The processing unit 430 is configured to reject the information error data and update the tag error data for the noise data, so as to obtain target noise data, where the target noise data is used to train the enterprise classification model.
Optionally, the determining unit 420 is specifically configured to: acquiring enterprise related information of each data in the noise data; according to each enterprise related information, calculating text information entropy, text similarity and/or vector distance of each data; determining the confidence coefficient of each data according to the text information entropy, the text similarity and the vector distance; determining the data with the confidence coefficient smaller than the preset threshold value as the information error data; and determining the data with the confidence coefficient larger than or equal to the preset threshold value as the label error data.

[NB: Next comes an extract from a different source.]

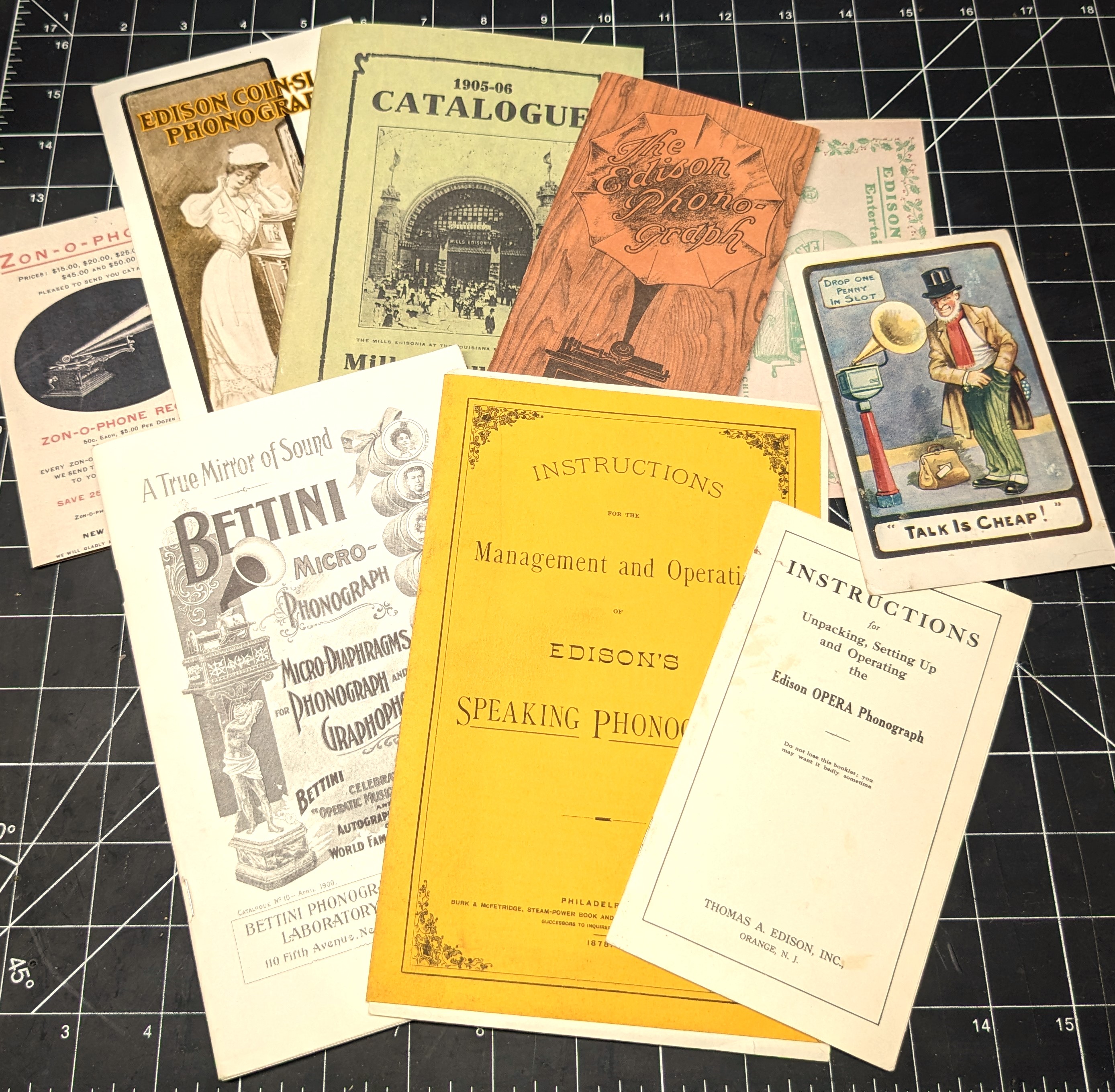 Here is a great set of catalogs/paper. Most are high-quality reprints. There is at least one original item in there!! What a treasure trove of information. Great Edison, Bettini, Tinfoil, Coin-op, etc. Just think what you could see and learn!!! At a little over $2.00 each - what a bargain!!!

Optionally, the processing unit 430 is specifically configured to: removing the information error data from the noise data; determining label updatable data and label non-updatable data in the label error data according to a preset updating strategy; updating the label of the label updatable data to obtain updated data; and determining the target noise data according to the updating data and the label non-updating data.
Optionally, the apparatus further comprises: and the screening unit is used for screening the noise data from the enterprise data by using confidence learning and a preset screening strategy.
Optionally, each enterprise data carries an original tag, and the screening unit is specifically configured to: processing the plurality of enterprise data by using the constructed classification model to obtain the prediction probability of each enterprise data; predicting the real label of each enterprise data according to the prediction probability of each enterprise data; estimating joint probability distribution of the original tag and the real tag according to the original tag and the real tag of each enterprise data; and screening enterprise data conforming to the screening strategy from the plurality of enterprise data based on the joint probability distribution to obtain the noise data, wherein the screening strategy comprises a noise rate screening strategy and/or an industry category screening strategy.
Optionally, the apparatus further comprises: the training unit is used for performing M-turn training on the basic model by utilizing the target noise data to obtain an enterprise classification model set, M is a positive integer, the enterprise classification model set comprises M enterprise classification models, and the basic models adopted by each turn of training are different.
Optionally, the training unit is specifically configured to: determining a training sample set corresponding to the ith training, wherein i is a positive integer and is sequentially increased, i is less than or equal to M, and the training sample set adopted by each training is different; determining a basic model corresponding to the ith training; training the basic model corresponding to the ith training according to the training sample set corresponding to the ith training to obtain an enterprise classification model corresponding to the ith training; and forming the enterprise classification model set according to the enterprise classification model obtained by training each round.
Optionally, the training unit is further configured to: acquiring non-noise data of the plurality of enterprise data when i=1; constructing the training sample set according to the non-noise data and the target noise data; when i is not equal to 1, determining non-noise data corresponding to the ith training; determining target noise data corresponding to the ith training; and forming a training sample set corresponding to the ith wheel training according to the non-noise data corresponding to the ith wheel training and the target noise data corresponding to the ith wheel training.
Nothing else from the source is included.